Сэму казалось, он в какой-то параллельной реальности. Он изумлённо смотрел, как мечется, словно обезумевший, взгляд его отца по стенам подвала, и чувствовал, как сжимается сердце от…жалости. Никогда он не думал, что будет испытывать это чувство по отношению к Николасу Мокану. Поначалу – потому что тот внушал что угодно, но не жалость. Страх, ужас, восхищение, уважение, любовь. Затем к этим эмоциям прибавились недоверие, презрение, ненависть. Но никогда – жалость. Никогда – желание освободиться от этих чёртовых кандалов и схватить за плечи крутящегося вокруг своей оси мужчину, который при каждом повороте цеплял глазами сына, но словно не видел его. По телу ознобом страх. Но сейчас он боится не отца. И не того, что тот может сделать. Сейчас ему до жути страшно за мужчину, странно улыбающегося чему-то или кому-то в пустом углу.

– Господи, – Сэм выдохнул, подаваясь вперёд и гремя цепями. Ещё один медленный выдох, чтобы не показать сочувствие, которое начало поедать его грудную клетку изнутри. Его отец сошёл с ума. В очередной раз мазнул взглядом по телу сына и снова напрягся, стискивая челюсти, выискивая кого-то невидимого.

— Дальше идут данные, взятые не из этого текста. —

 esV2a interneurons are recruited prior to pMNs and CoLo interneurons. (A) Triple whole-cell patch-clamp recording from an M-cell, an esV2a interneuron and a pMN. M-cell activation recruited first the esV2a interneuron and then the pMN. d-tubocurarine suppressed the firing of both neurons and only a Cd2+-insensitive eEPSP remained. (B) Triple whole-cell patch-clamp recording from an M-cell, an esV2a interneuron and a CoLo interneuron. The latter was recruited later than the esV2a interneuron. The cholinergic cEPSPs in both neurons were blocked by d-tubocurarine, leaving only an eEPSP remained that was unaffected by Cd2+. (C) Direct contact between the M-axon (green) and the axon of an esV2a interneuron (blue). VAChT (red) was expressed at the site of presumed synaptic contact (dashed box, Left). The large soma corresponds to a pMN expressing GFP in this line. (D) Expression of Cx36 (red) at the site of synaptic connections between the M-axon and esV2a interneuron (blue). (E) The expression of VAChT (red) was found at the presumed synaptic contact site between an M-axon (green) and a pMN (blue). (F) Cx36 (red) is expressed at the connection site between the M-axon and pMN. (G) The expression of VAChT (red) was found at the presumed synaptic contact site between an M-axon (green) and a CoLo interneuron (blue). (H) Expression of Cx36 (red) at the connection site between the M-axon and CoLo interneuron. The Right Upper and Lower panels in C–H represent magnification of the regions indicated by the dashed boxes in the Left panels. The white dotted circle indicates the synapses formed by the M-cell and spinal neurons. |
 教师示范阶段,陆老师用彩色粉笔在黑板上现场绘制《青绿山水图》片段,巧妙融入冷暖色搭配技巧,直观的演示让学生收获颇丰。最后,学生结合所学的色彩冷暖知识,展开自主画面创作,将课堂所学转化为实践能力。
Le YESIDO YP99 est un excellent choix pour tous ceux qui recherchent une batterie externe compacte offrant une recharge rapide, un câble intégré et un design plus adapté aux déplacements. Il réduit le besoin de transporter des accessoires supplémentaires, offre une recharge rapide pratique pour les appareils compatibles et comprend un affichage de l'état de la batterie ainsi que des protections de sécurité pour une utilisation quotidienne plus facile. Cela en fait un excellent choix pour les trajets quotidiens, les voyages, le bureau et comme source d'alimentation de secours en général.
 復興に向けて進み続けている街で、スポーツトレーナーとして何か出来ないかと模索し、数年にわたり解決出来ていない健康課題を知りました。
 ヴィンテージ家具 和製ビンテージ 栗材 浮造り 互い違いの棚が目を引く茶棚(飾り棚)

– Отец, – сказал тихо, на этот раз не стремясь задеть. Искренне. Оно само сорвалось с губ. Это беспокойство и понимание того, что нет никакого триумфа видеть таковым Николаса Мокану. Того, кто причинил столько зла ему и его семье. Того, кто всего несколько часов назад едва не отправил на смертную казнь его мать. Того, по чьему позволению друзья Сэма были растерзаны беспощадными псами Нейтралитета.

Нет никакого грёбаного триумфа. Только желание вцепиться в его шею и прижать к себе, ощущая, как успокаивается сбившееся дыхание, рвущееся из груди под чёрным пальто.

Сэм стиснул зубы…Можно казаться себе каким угодно крутым ублюдком, но только в такие минуты понимаешь, что ни хрена ты не сможешь убить источник всех твоих бед…если в твоих жилах течёт кровь этого источника, а сам ты носишь его фамилию.

Но прошло несколько секунд, и взгляд Ника сконцентрировался, стал осознанным. Мужчина остановился, распрямляя плечи, словно сбросив какой-то груз. Медленно повернул голову в сторону сына…и того затопило новой волной ненависти.

– Мне нужно местонахождение моих детей и Зорича. Прямо сейчас. В соседней камере без сознания лежит сын Кристины. И если ты не хочешь, чтобы я обил его кожей стену за твоей стеной, ты расскажешь мне добровольно всё, что тебе известно.

Сукин сын! Почему Сэм забыл, что нельзя жалеть Николаса Мокану?! Почему забыл, что этого подонка можно либо беззаветно любить, либо люто ненавидеть?